Attention : investir avec des amis, c'est comme monter un business ensemble. Prévoyez une convention d'indivision ou des statuts de SCI détaillés qui couvrent les scénarios de désaccord, de sortie et de décès.
Stratégie 5 : La domiciliation bancaire + projet très rentable
Le principe
Vous proposez à la banque un "package" : domiciliation de vos revenus + assurances + épargne, en échange d'un financement à 110 %.
Le calcul de la banque
Un client qui domicilie 3 000 EUR/mois de revenus rapporte à la banque environ 300-500 EUR/an en frais et produits croisés (assurances, carte bancaire, épargne). Sur 25 ans, c'est 7 500-12 500 EUR de revenus pour elle. Largement de quoi couvrir le "risque" de prêter sans apport.

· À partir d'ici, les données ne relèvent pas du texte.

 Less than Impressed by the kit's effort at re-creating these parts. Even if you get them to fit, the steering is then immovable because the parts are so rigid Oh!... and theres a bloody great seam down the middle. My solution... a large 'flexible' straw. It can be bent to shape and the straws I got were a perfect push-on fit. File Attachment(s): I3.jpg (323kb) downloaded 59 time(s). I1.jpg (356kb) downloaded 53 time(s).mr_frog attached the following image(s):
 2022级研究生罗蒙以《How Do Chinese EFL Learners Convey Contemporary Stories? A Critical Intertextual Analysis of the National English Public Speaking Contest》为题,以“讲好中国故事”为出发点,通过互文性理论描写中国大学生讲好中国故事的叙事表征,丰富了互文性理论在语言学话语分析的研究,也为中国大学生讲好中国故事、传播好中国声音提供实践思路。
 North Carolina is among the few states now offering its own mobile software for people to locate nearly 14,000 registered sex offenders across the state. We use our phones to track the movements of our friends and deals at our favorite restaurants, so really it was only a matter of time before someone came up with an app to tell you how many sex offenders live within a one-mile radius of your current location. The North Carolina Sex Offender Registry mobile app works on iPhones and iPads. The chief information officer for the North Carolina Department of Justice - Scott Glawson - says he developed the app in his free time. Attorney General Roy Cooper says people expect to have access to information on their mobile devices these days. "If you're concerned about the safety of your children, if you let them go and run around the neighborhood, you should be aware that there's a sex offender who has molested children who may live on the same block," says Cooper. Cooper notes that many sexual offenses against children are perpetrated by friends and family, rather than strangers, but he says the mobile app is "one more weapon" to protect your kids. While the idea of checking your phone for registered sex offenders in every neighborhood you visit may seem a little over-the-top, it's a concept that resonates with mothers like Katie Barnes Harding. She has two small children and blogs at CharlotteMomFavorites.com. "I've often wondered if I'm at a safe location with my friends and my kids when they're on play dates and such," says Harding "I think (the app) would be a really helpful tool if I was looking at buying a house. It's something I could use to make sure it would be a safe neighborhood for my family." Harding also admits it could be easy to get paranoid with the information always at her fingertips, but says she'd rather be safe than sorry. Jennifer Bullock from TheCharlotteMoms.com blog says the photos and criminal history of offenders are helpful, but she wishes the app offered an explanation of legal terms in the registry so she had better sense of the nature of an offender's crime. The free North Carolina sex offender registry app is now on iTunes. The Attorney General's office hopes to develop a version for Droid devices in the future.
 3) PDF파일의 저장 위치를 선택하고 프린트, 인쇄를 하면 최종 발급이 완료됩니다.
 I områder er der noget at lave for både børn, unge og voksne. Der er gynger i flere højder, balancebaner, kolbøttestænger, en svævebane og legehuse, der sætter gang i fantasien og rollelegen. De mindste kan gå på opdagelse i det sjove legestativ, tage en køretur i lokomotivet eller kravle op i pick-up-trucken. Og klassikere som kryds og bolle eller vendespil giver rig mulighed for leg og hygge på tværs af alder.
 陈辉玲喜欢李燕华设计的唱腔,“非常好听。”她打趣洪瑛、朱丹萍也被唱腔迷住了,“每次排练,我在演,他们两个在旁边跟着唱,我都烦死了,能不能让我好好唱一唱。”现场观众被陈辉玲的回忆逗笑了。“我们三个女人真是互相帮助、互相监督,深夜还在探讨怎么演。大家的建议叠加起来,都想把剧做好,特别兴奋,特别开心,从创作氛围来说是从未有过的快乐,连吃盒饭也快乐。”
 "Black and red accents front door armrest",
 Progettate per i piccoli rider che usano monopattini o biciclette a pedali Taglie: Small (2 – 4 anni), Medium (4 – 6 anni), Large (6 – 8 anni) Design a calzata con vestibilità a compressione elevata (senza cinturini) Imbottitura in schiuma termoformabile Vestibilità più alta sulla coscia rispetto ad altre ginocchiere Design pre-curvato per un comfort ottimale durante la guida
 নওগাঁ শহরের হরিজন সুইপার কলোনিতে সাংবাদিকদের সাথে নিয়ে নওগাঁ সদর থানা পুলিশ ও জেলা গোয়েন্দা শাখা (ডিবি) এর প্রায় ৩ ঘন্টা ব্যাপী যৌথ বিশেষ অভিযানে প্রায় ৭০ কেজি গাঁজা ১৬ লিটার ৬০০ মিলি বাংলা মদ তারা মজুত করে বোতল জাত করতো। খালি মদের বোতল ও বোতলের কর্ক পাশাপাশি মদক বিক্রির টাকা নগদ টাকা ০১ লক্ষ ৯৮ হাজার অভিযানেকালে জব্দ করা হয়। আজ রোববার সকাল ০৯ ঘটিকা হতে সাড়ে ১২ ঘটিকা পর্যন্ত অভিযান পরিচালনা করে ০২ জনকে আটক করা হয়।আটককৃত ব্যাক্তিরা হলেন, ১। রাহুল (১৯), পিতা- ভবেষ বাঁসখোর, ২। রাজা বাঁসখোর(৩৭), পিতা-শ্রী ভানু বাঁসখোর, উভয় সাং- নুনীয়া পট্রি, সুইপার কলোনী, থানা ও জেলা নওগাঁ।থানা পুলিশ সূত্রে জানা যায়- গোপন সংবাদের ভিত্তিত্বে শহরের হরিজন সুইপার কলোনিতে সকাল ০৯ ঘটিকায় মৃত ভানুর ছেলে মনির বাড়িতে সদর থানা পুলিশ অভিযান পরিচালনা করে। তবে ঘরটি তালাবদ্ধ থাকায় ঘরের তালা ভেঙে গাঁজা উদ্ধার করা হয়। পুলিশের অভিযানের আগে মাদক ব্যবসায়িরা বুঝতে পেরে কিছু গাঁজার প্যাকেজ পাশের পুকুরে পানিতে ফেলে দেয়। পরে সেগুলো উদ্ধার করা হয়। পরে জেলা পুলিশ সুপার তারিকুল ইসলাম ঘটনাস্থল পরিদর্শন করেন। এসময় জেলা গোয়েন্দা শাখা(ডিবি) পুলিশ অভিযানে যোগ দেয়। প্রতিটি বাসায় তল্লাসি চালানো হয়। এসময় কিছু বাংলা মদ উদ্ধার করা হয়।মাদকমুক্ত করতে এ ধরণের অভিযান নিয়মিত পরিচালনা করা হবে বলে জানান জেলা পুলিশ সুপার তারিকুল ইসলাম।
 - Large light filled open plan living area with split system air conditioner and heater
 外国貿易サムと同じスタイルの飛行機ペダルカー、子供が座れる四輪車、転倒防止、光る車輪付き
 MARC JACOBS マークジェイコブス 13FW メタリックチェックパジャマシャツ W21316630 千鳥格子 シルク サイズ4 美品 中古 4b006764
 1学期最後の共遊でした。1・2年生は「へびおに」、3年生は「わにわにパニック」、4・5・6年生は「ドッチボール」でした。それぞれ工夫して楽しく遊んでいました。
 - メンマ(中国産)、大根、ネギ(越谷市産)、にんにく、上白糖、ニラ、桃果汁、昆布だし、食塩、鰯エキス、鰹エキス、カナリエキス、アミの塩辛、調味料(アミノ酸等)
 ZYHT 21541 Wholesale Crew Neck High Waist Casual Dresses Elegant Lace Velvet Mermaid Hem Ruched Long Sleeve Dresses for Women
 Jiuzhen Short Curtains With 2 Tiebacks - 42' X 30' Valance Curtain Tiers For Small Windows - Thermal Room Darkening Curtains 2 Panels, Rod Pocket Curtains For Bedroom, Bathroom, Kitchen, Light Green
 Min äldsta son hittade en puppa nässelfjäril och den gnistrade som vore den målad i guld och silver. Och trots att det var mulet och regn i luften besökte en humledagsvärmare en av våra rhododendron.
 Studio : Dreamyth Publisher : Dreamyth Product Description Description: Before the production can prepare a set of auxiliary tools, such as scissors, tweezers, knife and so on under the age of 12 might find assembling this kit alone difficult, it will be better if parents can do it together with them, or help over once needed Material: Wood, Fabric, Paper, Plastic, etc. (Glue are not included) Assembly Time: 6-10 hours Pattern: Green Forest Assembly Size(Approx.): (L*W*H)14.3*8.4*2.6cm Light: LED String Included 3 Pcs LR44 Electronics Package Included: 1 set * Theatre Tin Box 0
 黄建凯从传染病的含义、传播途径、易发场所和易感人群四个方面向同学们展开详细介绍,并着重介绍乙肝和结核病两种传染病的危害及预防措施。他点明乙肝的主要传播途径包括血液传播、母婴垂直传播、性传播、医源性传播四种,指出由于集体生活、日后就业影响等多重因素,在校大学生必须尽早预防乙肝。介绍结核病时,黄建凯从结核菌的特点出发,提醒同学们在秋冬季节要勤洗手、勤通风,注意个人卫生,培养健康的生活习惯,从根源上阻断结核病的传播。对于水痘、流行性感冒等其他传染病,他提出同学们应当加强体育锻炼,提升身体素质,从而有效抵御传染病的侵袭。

Les banques qui jouent le jeu en 2026
- Crédit Agricole (caisses régionales du Sud et de l'Ouest notamment) : la plus ouverte pour les primo-investisseurs qui domicilient
- Caisse d'Épargne : accepte souvent le 110 % pour les fonctionnaires
- CIC/Crédit Mutuel : sur des projets avec cash-flow positif démontré
- Banque Postale : pour les petits projets (< 100 000 EUR) avec domiciliation
Les conditions sine qua non
- Domiciliation totale des revenus
- Projet locatif avec un rendement brut > 7 %
- Cash-flow prévisionnel neutre ou positif
- Gestion bancaire impeccable sur 6+ mois
- Souscription de produits maison (assurance habitation, PEL, etc.)
Le rôle du courtier : indispensable sans apport
Un courtier connaît les critères exacts de chaque agence bancaire locale. Et oui, les critères varient d'une agence à l'autre au sein de la même banque.
Ce qu'un bon courtier fait pour vous
- Identifie les 2-3 banques qui financeront votre profil
- Présente votre dossier sous l'angle le plus favorable
- Négocie le taux et les conditions
- Obtient des réponses en 2-3 semaines au lieu de 2 mois
Ce que ça coûte
- Courtiers rémunérés par la banque : gratuit pour vous (mais ils orientent vers les banques qui les paient le mieux)
- Courtiers à honoraires : 1 000-3 000 EUR ou 1 % du montant emprunté
- Recommandation : utilisez les deux. Le courtier gratuit pour un premier passage, puis un courtier à honoraires si le premier échoue.
Montage financier concret : investir avec 5 000 EUR
Profil : Caroline, 31 ans, infirmière, CDI depuis 4 ans, salaire net 2 400 EUR/mois, 5 000 EUR d'épargne.
Le projet :
- Achat T2 de 48 m² à Limoges : 72 000 EUR
- Frais de notaire : 5 760 EUR
- Travaux : 8 000 EUR
- Ameublement LMNP : 3 200 EUR
- Total : 88 960 EUR
Le financement :
- Apport : 5 000 EUR (frais de notaire partiels)
- Prêt bancaire : 83 960 EUR (dont 11 200 EUR de travaux/meublés)
- Durée : 25 ans à 3,55 %
- Mensualité : 424 EUR
- Loyer LMNP meublé : 480 EUR
- Charges mensuelles (copro, PNO, TF, vacance) : 120 EUR
- Cash-flow : -64 EUR/mois
C'est un effort d'épargne de 64 EUR/mois pour constituer un patrimoine de 89 000 EUR financé à 94 % par la banque et le locataire. Sur 20 ans, le bien sera remboursé aux deux tiers, et Caroline aura un patrimoine net de plus de 60 000 EUR.
Conclusion : le vrai obstacle, ce n'est pas l'apport
L'apport est un prétexte commode pour ne pas se lancer. La vraie question est : votre projet est-il suffisamment rentable pour qu'une banque accepte de le financer ? Si oui, l'une des 5 stratégies ci-dessus vous permettra de trouver une solution. Si non, ce n'est pas l'apport le problème, c'est le projet.
Commencez par construire un dossier irréprochable et un projet chiffré avec précision. Le reste suivra.